Red and blue lights flash through the windows, followed by sirens that trigger a stampede. Bryce grabs me by the arm and tugs me away from Shawn, and Shawn drifts farther and farther away in the chaos, staring after me in that way that breaks my heart. Like what we did was a mistake and all I am is a regret.
He moves away. He doesn’t call.
He forgets, but I never do.
“THAT WAS A hundred years ago, Kale!” I shout at my closed bedroom door as I wiggle into a pair of skintight jeans. I hop backward, backward, backward—until I’m nearly tripping over the combat boots lying in the middle of my childhood room.
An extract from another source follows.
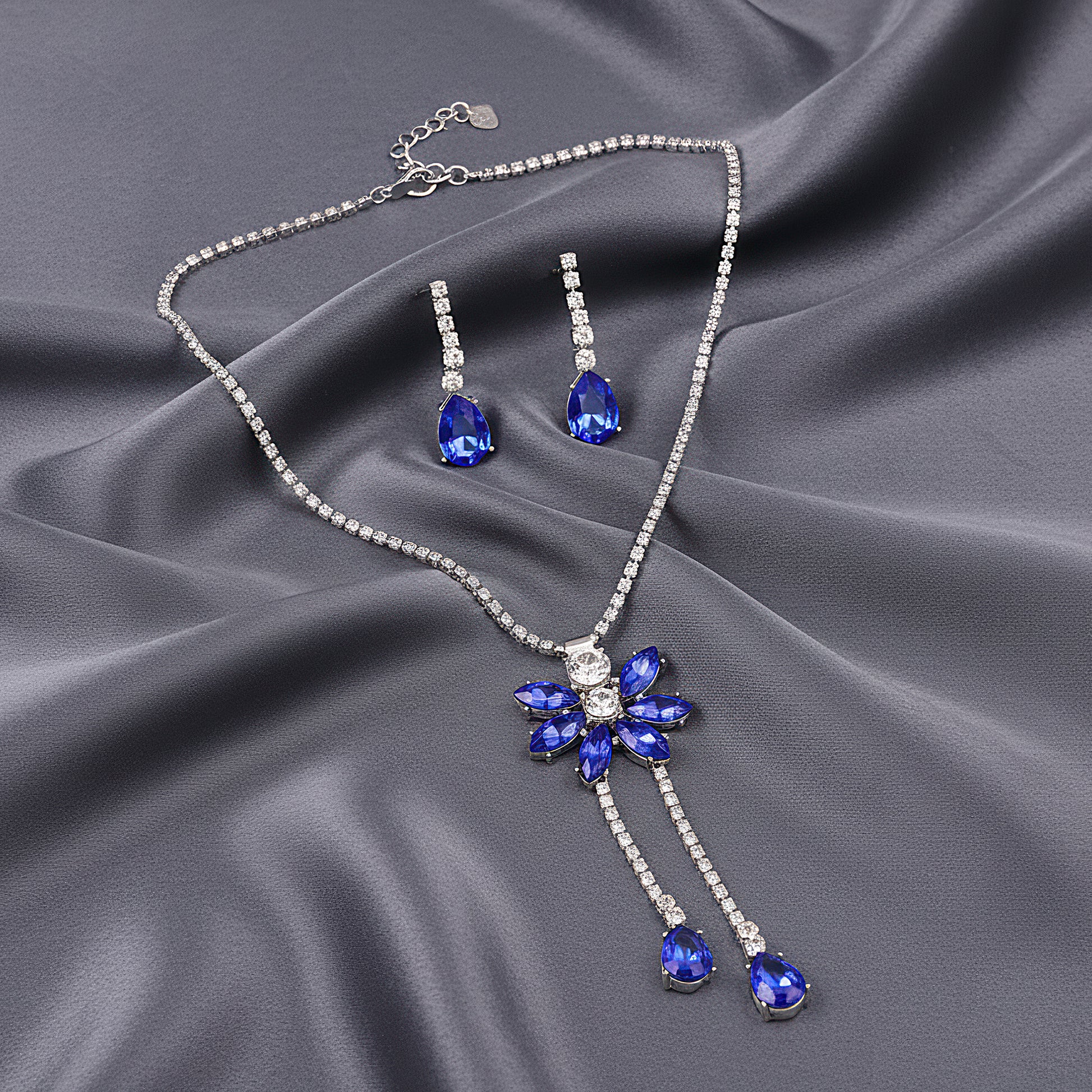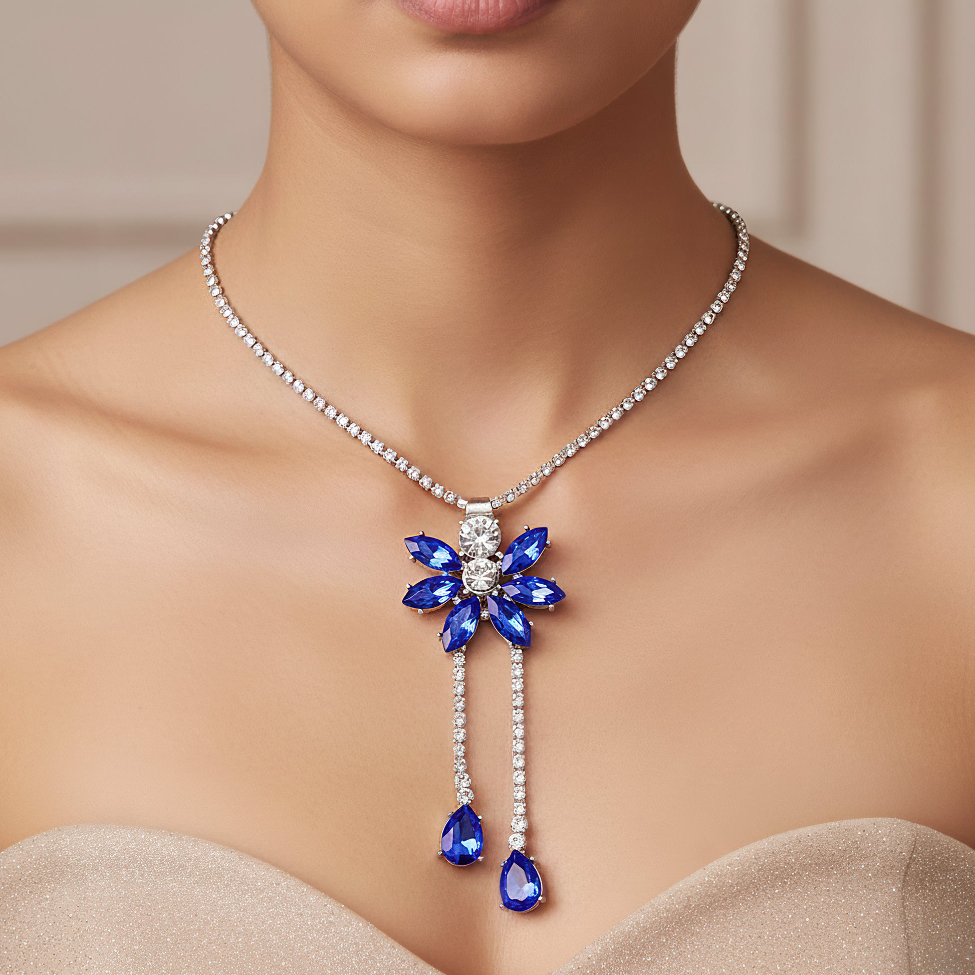 The rhinestone chain lariat necklace and matching earrings in this gorgeous jewelry set are intended to lend a little of glitz and refinement to any ensemble. The necklace has a delicate floral pendant adorned with glistening rhinestones that sparkle exquisitely with each movement. Its lariat-style design offers a sleek, contemporary touch, lengthening the neckline with a lovely drop effect. The combination is harmoniously completed with matching earrings that reflect the same floral glitter. This set is perfect for weddings, parties, or evening gatherings because it is lightweight and visually appealing. It adds sparkle and grace to any ensemble and is designed to showcase both modern style and timeless charm. An exquisite piece of jewelry that exudes refinement, femininity, and grace.

“So why are you going to this audition?”
I barely manage to do a quick twist-and-turn to land on my bed instead of my ass, my furrowed brow directed at the ceiling as I finish yanking my pants up. “Because!”
Unsatisfied, Kale growls at me from the other side of my closed door. “Is it because you still like him?”
“I don’t even KNOW him!” I shout at a white swirl on the ceiling, kicking my legs out and fighting against the taut denim as I stride to my closed door. I grab the knob and throw it open. “And he probably doesn’t even remember me!”
Kale’s scowl is replaced by a big set of widening eyes as he takes in my outfit—tight, black, shredded-to-hell jeans paired with a loose black tank top that doesn’t do much to cover the lacy bra I’m wearing. The black fabric matches my wristbands and the parts of my hair that aren’t highlighted blue. I turn away from Kale to grab my boots.